Glasgow. Deutsche Turnerinnen verpassen Teamfinale der EM in Glasgow. Nur Weltmeisterin Pauline Schäfer überzeugt

    Die innere Zerrissenheit war ihr vom Gesicht abzulesen. Pauline Schäfer traute sich kaum, Freude zu zeigen, obwohl es Anlass dazu gegeben hätte am Auftakttag der European Championships in der SSE Hydro Arena in Glasgow. Mit dem Bestwert von 13,500 Punkten hatte die Schwebebalken-Weltmeisterin von 2017 gemeinsam mit der Belgierin Nina Derwael die Qualifikation für das Einzelfinale der besten acht an ihrem Paradegerät gemeistert und darf nun am Sonntag (16 Uhr MESZ) um eine Medaille turnen. Aber da war etwas, das der 21 Jahre alten Sportsoldatin aus Chemnitz die Laune verhagelte. „Der Frust ist groß, dass wir das Teamfinale verpasst haben. Das war unser größtes gemeinsames Ziel“, sagte sie.

    Sechs Stürze am Stufenbarren hatten dazu geführt, dass die von Schäfer angeführte Auswahl, zu der die Stuttgarterin Kim Bui (29), Sarah Voss (18/Köln), Leah Grießer (19/Karlsruhe) und Emma Höfele (16/Karlsruhe) zählten, letztlich mit dem zehnten Rang hadern musste. Bundestrainerin Ulla Koch wollte auf der Suche nach Erklärungen weder die gesundheitsbedingten Aus­fälle der Leistungsträgerinnen Sophie Scheder (21/Chemnitz), Elisabeth Seitz (24) und Tabea Alt (18/beide Stuttgart) noch das Wertungssystem anführen, das nur drei Starter pro Gerät erlaubt, die kein Streichergebnis produzieren dürfen. Der Hauptgrund für das Verpassen des Hauptziels sei die Unerfahrenheit der Youngster gewesen. „Die Jüngsten hatten große Angst vor Fehlern, und dann passieren die eben“, sagte sie.

    Ein Grund für die Aufregung ihrer Athletinnen könne die gesteigerte Aufmerksamkeit der Öffentlichkeit sein, die durch das Konzept, die Europameisterschaften in sechs Sportarten in der schottischen Metropole gemeinsam abzuhalten, entstanden ist. „Bei Olympia oder WM sind sie das gewohnt, aber bei einer EM ist so viel Medieninteresse ungewöhnlich. Wahrscheinlich haben wir es versäumt, die Mädels darauf besser vorzubereiten“, sagte Ulla Koch.

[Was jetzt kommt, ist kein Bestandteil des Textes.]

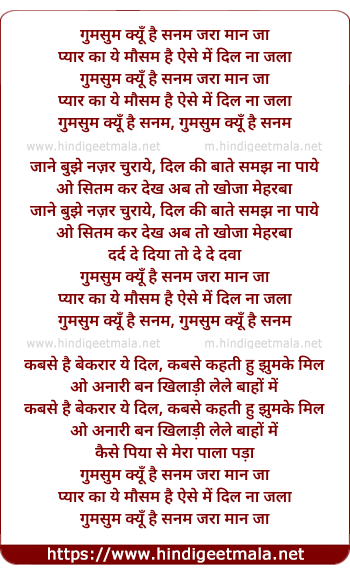 Lyrics of Gumsum Kyu Hai Sanam - गुमसुम क्यूँ है सनम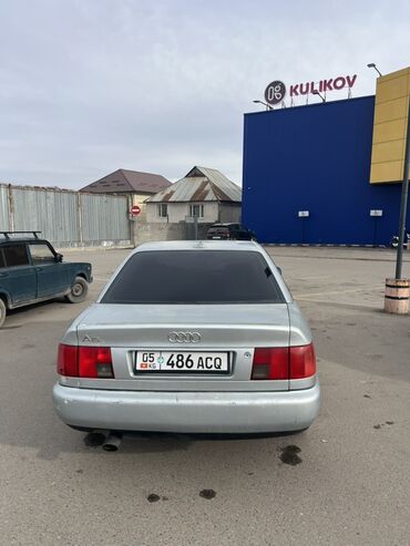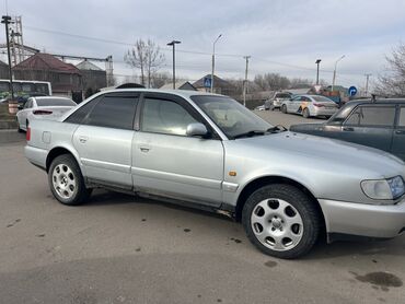 Audi A6 C4 седан, серебристо-серый цвет кузова. Атмосферный бензиновый двигатель 2.8 (V6), задняя эмблема «2.8». Классический дизайн 90‑х, оригинальная решетка радиатора и заводские литые диски Aud...

    Für die Einzelfinals am Sonntag, für die sich neben Schäfer auch Bui als Vierte am Stufenbarren und Voss als Achte am Sprung qualifizierten, werde man entsprechende Vorkehrungen treffen. „Die Mädels wissen ja jetzt, was auf sie zukommt“, sagte die Bundestrainerin. Dennoch ist der Druck vor allem auf Pauline Schäfer immens. „Wenn sie hier nicht eine Medaille als Ziel hätte, bräuchte sie gar nicht anzutreten“, sagte Ulla Koch. „Ich weiß, dass von einer Weltmeisterin erwartet wird, bei einer EM mindestens eine Medaille zu holen. Aber ich sehe das nicht so, die Konkurrenz ist hier auch stark, deshalb kommt es auf die Tagesform an. Wenn alles passt, sollte ich im vorderen Drittel landen“, sagte die erste deutsche Turnweltmeisterin seit 30 Jahren (1987 Dörte Thümmler für die DDR am Stufenbarren), die nach ihrem Triumph von Mont­real acht Monate pausiert und erst im Juni in den Wettkampfmodus zurückgeschaltet hatte.

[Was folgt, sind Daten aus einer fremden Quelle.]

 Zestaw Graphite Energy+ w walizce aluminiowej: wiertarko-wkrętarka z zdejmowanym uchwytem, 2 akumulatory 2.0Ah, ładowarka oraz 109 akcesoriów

    Schäfer, Bui und Voss starten am Sonntag im Einzelfinale

    „Die Pause hat mir sehr gut getan, ich konnte in Ruhe an neuen Elementen arbeiten“, sagte die gebürtige Saarländerin, die weiterhin an hartnäckigen Rückenproblemen leidet. „Es gibt kein gesundheitliches Risiko, dass es schlechter wird, wenn ich turne. Aber es ist nach wie vor ein Problem.“ Den erzwungenermaßen wettkampffreien Sonnabend, an dem das Teamfinale ansteht, will sie nutzen, um an Technik und Sauberkeit ihrer Schwebebalkenübung zu feilen – und sich physiotherapeutisch auf Topniveau bringen zu lassen. Mut für den Angriff auf das erste EM-Gold macht ihr der Austragungsort. Vor drei Jahren gewann sie in Glasgow mit Bronze ihre erste WM-Medaille. „Natürlich ist das ein gutes Gefühl, dass ich hier schon Erfolg hatte“, sagte sie – und rang sich doch ein Lächeln ab.